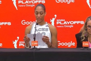 體育資訊9月29日訊 今日WNBA季后賽半決賽G4,拉斯維加斯王牌83-90不敵印第安納狂熱,阿賈賽后接受了媒體采訪。
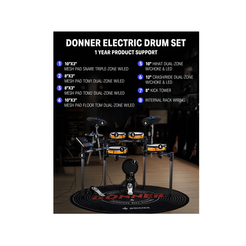מערכת תופים חכמה Donner BACKBEAT EC6878 – תופים אלקטרוניים מתקדמים לנגינה מקצועית ולימוד
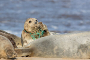 アザラシも網に絡まって餌を取るのができなくなり餓死したり、体内に重金属が蓄積し衰弱死したりしています。

PROBLEM DESCRIPTION => Apart from the pictures, every line of the data above should be given again exactly.

SOLUTION TO THIS EXERCISE =>
 體育資訊9月29日訊 今日WNBA季后賽半決賽G4,拉斯維加斯王牌83-90不敵印第安納狂熱,阿賈賽后接受了媒體采訪。
מערכת תופים חכמה Donner BACKBEAT EC6878 – תופים אלקטרוניים מתקדמים לנגינה מקצועית ולימוד
 アザラシも網に絡まって餌を取るのができなくなり餓死したり、体内に重金属が蓄積し衰弱死したりしています。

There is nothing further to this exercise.